Si apre la porta. Un sax tenore arrabbiato, che è come una Strato distorta, ci ricorda il genio e la sregolatezza di Francesco Bearzatti (“Frankie Bear”), ma lui non c’è. Al suo posto, la rabbia, l’orgoglio e il fragore di Dan Kinzelman gli tributano tutto il rispetto, come se Bearzatti fosse già un mito. Ma è la voglia di aprirsi all’innovazione che fa la differenza e il “sassochitarrista” friulano è un esempio vivente.

Si ha a mala pena il tempo di riprendersi che si svolta nel corridoio centrale verso il "salotto": una melodia suadente, sonorità accomodanti e soffuse. Il salotto sembra l’anima della “casa”. Qui si dimenticano le asperità e si cercano oasi di romanticismo (“The House Behind This One”). Il lirismo pianistico di Guidi, le sue traiettorie blueseggianti, ti guardano diritto negli occhi, finché il sax di Kinzelman, quel maledetto sax tenore, esplode in un tornado sonico e lascia ferite sulla pelle.
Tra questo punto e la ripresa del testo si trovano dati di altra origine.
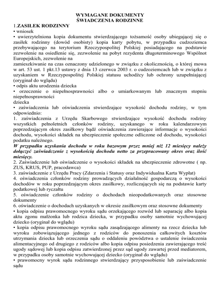 WYMAGANE DOKUMENTY ŚWIADCZENIA RODZINNE 1.ZASIŁEK RODZINNY • wniosek • uwierzytelniona kopia dokumentu stwierdzającego tożsamość osoby ubiegającej się o zasiłek rodzinny (dowód osobisty) kopia karty pobytu, w przypadku cudzoziemca przebywającego na terytorium Rzeczypospolitej Polskiej posiadającego na podstawie zezwolenie na osiedlenie się, zezwolenie na pobyt rezydenta długoterminowego Wspólnot Europejskich, zezwolenie na zamieszkiwanie na czas oznaczony udzielonego w związku z okolicznością, o której mowa w art. 53 ust. 1 pkt.13 ustawy z dnia 13 czerwca 2003 r. o cudzoziemcach lub w związku z uzyskaniem w Rzeczypospolitej Polskiej statusu uchodźcy lub ochrony uzupełniającej (oryginał do wglądu) • odpis aktu urodzenia dziecka • orzeczenie o niepełnosprawności albo o umiarkowanym lub znacznym stopniu niepełnosprawności dziecka • zaświadczenia lub oświadczenia stwierdzające wysokość dochodu rodziny, w tym odpowiednio: 1. zaświadczenia z Urzędu Skarbowego stwierdzające wysokość dochodu rodziny wszystkich pełnoletnich członków rodziny, uzyskanego w roku kalendarzowym poprzedzającym okres zasiłkowy bądź oświadczenia zawierające informacje o wysokości dochodu, wysokości składek na ubezpieczenie społeczne odliczone od dochodu, wysokości podatku należnego. W przypadku uzyskania dochodu w roku bazowym przez mniej niż 12 miesięcy należy dołączyć zaświadczenie z wysokością dochodu netto za przepracowany okres oraz ilość miesięcy. 2. Zaświadczenie lub oświadczenie o wysokości składek na ubezpieczenie zdrowotne ( np. ZUS, KRUS, PUP, pracodawca) 3. zaświadczenie z Urzędu Pracy (Zdarzenia i Statusy oraz Indywidualna Karta Wypłat) 4. oświadczenia członków rodziny prowadzących działalność gospodarczą o wysokości dochodów w roku poprzedzającym okres zasiłkowy, rozliczających się na podstawie karty podatkowej lub ryczałtu 5. oświadczenie członków rodziny o dochodach nieopodatkowanych oraz stosowne dokumenty 6. oświadczenie o dochodach uzyskanych w okresie zasiłkowym oraz stosowne dokumenty • kopia odpisu prawomocnego wyroku sądu orzekającego rozwód lub separację albo kopia aktu zgonu małżonka lub rodzica dziecka, w przypadku osoby samotnie wychowującej dziecko (oryginał do wglądu) • kopia odpisu prawomocnego wyroku sądu zasądzającego alimenty na rzecz dziecka lub wyroku zobowiązującego jednego z rodziców do ponoszenia całkowitych kosztów utrzymania dziecka lub orzeczenia sądu o oddaleniu powództwa o ustalenie świadczenia alimentacyjnego od drugiego z rodziców albo kopia odpisu posiedzenia zawierającego treść ugody sądowej lub kopia odpisu zatwierdzonej przez sąd ugody zawartej przed mediatorem, w przypadku osoby samotnie wychowującej dziecko (oryginał do wglądu) • prawomocny wyrok sądu rodzinnego stwierdzający przysposobienie lub zaświadczenie sądu rodzinnego lub ośrodka adopcyjnego o prowadzonym postępowaniu sądowym w sprawie o przysposobienie dziecka • zaświadczenie ze szkoły, w przypadku, gdy dziecko ukończyło 18 rok życia bądź oświadczenie • informacja sądu o toczącym się postępowaniu w sprawie o przysposobienie dziecka • dokument z numerem rachunku bankowego • kopię aktów zgonu rodziców lub kopię odpisów wyroków zasądzających alimenty w przypadku osoby uczącej się 2. DODATEK Z TYTUŁU URODZENIA DZIECKA przysługuje, po przedstawieniu zaświadczenia lekarskiego lub zaświadczenia wystawionego przez położną, potwierdzającego pozostawanie kobiety w czasie ciąży pod opieką medyczną nie później niż przed 10 tygodniem ciąży do porodu.* (przepisy ustawy z dnia 25 marca 2011 r. o ograniczaniu barier administracyjnych dla obywateli i przedsiębiorców nie przewidują możliwości zastąpienia w/w zaświadczenia oświadczeniem). Wzór powyższego zaświadczenia określony jest we wchodzącym w życie 1 stycznia 2012 r. rozporządzeniu Ministra Zdrowia z dnia 14 września 2010 r. w sprawie formy opieki medycznej nad kobietą w ciąży, uprawniającej do dodatku z tytułu urodzenia dziecka oraz wzoru zaświadczenia potwierdzającego pozostawanie pod tą opieką (Dz. U. z 2010 r., Nr 183, poz. 1234). *) przepisu ust 6 nie stosuje się do osób będących prawnymi lub faktycznymi opiekunami dziecka . 3. DODATEK Z TYTUŁU OPIEKI NAD DZIECKIEM W OKRESIE KORZYSTANIA Z URLOPU WYCHOWAWCZEGO • zaświadczenie z ZUS o zgłoszeniu do ubezpieczeń społecznych albo oświadczenie (w przypadku oświadczenia należy dołączyć imienny raport miesięczny osoby ubezpieczonej potwierdzający odprowadzanie składek na ubezpieczenie społeczne z miesiąca poprzedzającego miesiąc złożenia wniosku) • zaświadczenie od pracodawcy o udzieleniu urlopu (na jaki okres), jakie dziecko wraz z okresem pozostawania w stosunku pracy (od kiedy do kiedy) albo stosowne oświadczenie wnioskodawcy 4. DODATEK Z TYTUŁU SAMOTNEGO WYCHOWYWANIA DZIECKA • dokument stwierdzający stan cywilny osoby ubiegającej się • odpis aktu zgonu rodzica dziecka lub aktualny odpis zupełny aktu urodzenia dziecka lub orzeczenie sądu o oddaleniu powództwa o ustalenie świadczenia alimentacyjnego od drugiego z rodziców 5. DODATEK Z TYTUŁU KSZTAŁCENIA I REHABILITACJI DZIECKA NIEPEŁNOSPRAWNEGO • kopia orzeczenia o niepełnosprawności albo o umiarkowanym lub znacznym stopniu niepełnosprawności dziecka (oryginał do wglądu) 6. DODATEK Z TYTUŁU ROZPOCZĘCIA ROKU SZKOLNEGO • zaświadczenie ze szkoły ( data wrześniowa), w przypadku, gdy dziecko ukończyło 16 rok życia bądź stosowne oświadczenie 7. DODATEK Z TYTUŁU PODJĘCIA (LUB DOJAZDÓW) PRZEZ DZIECKO NAUKI POZA MIEJSCEM ZAMIESZKANIA • zaświadczenie ze szkoły oraz zaświadczenie potwierdzające miejsce zamieszkania albo stosowne oświadczenie ( bursa, internat itp.) w miejscowości, w której znajduje się szkoła jak również zaświadczenie albo oświadczenie o tymczasowym zameldowaniu 8. SKŁAD RO

Si va ancora in giro per casa. Le pareti trasudano di vite passate. Echeggiano di note festanti. La “Quizas Quizas Quizas” di Osvaldo Farres sembra suonata avendo in mente Kind of Blue di Davis. Delicata, rallentata, soffusa, a tratti autunnale, la versione, depurata dalla sua originaria esoticità, assume contorni suggestivi e pulviscolari.

La zona "studio" è impregnata di riflessioni, di carte scarabocchiate e pensieri arrabbiati. Un pensatoio che dispensa amaro disincanto. “Peace Treaty” e poi “Peace Warriors”, di Ornette Coleman, sono tutte qui. L’anima jazz-rock emerge ancora. L’assolo di batteria di Joao Lobo sembra ricordare quello di John Bonham in “Moby Dick” dei Led Zeppelin, mentre Guidi scherza con repentini cluster.

Zona "cucina/pranzo". In “Bubbles”, Guidi è padrone del registro basso del pianoforte, mentre Kinzelman riporta indietro le lancette dell’orologio al miglior jazz classico. L’interplay tra i vari comprimari (si aggiunge anche il contrabbassista Stefano Senni), si fa serrato, frastagliato e impareggiabile.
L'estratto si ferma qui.